2018.1.27

「冬の脱水」

湿度が下がるとカラダから水分が失われます
日本の冬は乾燥しています。とくに降雪量が少ない太平洋側では乾燥した気候が続きます。カラダにとって快適な湿度は50~60%ですが、冬場の湿度は50%以下になることが少なくありません。
外気が乾燥すると、知らない間にカラダから水分が失われやすくなります。それは不感蒸泄が増えるからです。
不感蒸泄とは、皮膚、粘膜、呼気などから意識しないうちに失っている水分のこと。

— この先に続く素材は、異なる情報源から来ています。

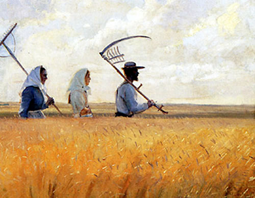 Tau dei Tiet geef noch kein monogerme Räuwensaat, so dat Hacken, Vertrecken, Rundhack usw. normal wiern un wi Kinner mössten mit ran. Tau Austiet wür tau mien Kinnertiet dat Kuurn noch mit dei Seis anmeiht, Vadder vörwech un ik taun Upbinnen vonne Garwen achteran. Låters harr hei 'n Grasmeiher mit Handaflåch, man mösst dei aflecht Garf blot noch upbinnen. Denn keem't Hocken, würn dei Hocken dörch Rägen tau natt, denn mössten's ümhockt warden, denn keem't Infohrn un up Miete setten, denn keem dei Wannerdöschkasten un man künn all anne Austköst denken. Œwer bald wier Tüffelsammeln un Tüffelrummeln ansecht, denn mössten noch dei Räuben von'n Acker un dat Winterkuurn all wedder inne Ierd.

皮膚や粘膜から失われるのが全体の約80%、呼気から失われるのが残りの約20%だと言われています。気候が乾燥すると、皮膚、粘膜、呼気のいずれからも失われる水分が増えます。 冬の室内では水分はさらに失われやすくなります
冬の室内は屋外よりも10~20%も湿度が低下する傾向があります。したがって屋外よりも乾燥している室内の方が不感蒸泄は増えます。
冬に増加する不感蒸泄は、自分では意識しないうちに起きています。つまり知らない間に水分が失われるのが、冬のジンワリ乾燥からの脱水の最大の特徴なのです。
夏の「かくれ脱水」の多くは発汗が引き金です。発汗は意識しやすいのに、不感蒸泄は意識しにくいので、冬は脱水に対する警戒感が下がっています。
冬場に水分摂取を減らすと危険です
暑い季節に汗をかくと自然に飲み物を求めますが、冬は汗をかきにくいため、発汗時に飲み物から水分を摂る機会が少なくなります。さらに寒くなって「カラダを冷やしたくない」という理由から、飲み水の摂取を控えることもあります。とくに高齢者や乳幼児、何らかの持病がある方といった「脱水症」の高リスク者は、こうした状況を続けると脱水状態になりやすいと考えてください。

乾燥したオフィスで長時間デスクワークを続けるときは、こまめな水分補給を。
高温多湿な環境における大量の発汗による夏の「かくれ脱水」の場合、水分と電解質(おもにナトリウムイオン)を速やかに補うことが求められますが、乾燥による不感蒸泄では電解質の喪失は少ないため、コップ1杯の水を補うだけでもリスクを減らすことができます。
ただしジンワリ乾燥からの脱水は自覚しにくいので、喉の渇きを覚える前にこまめな水分補給を行ってください。放っておくと脳梗塞や心筋梗塞などへつながる可能性があります。

冬の水分摂取は温かい飲み物でも
寒い季節にはカラダを温めてくれる飲み物が欲しくなります。そして温かい白湯はカラダを内側から温めながら、同時に水分補給をしてくれます。温かい飲み物といえば、コーヒーや緑茶をよく飲む方もいることでしょう。ただし、コーヒーや緑茶には利尿作用を持つカフェインが含まれています。オシッコの量が増えると、尿には水分と電解質が多く含まれていますので、夏と同じような「かくれ脱水」に陥りやすくなります。コーヒーや緑茶を一度にたくさん(500mℓ以上)飲んでしまうと、摂った水分が利尿作用で排泄されます。利尿作用のある飲料のがぶ飲みは控えてください。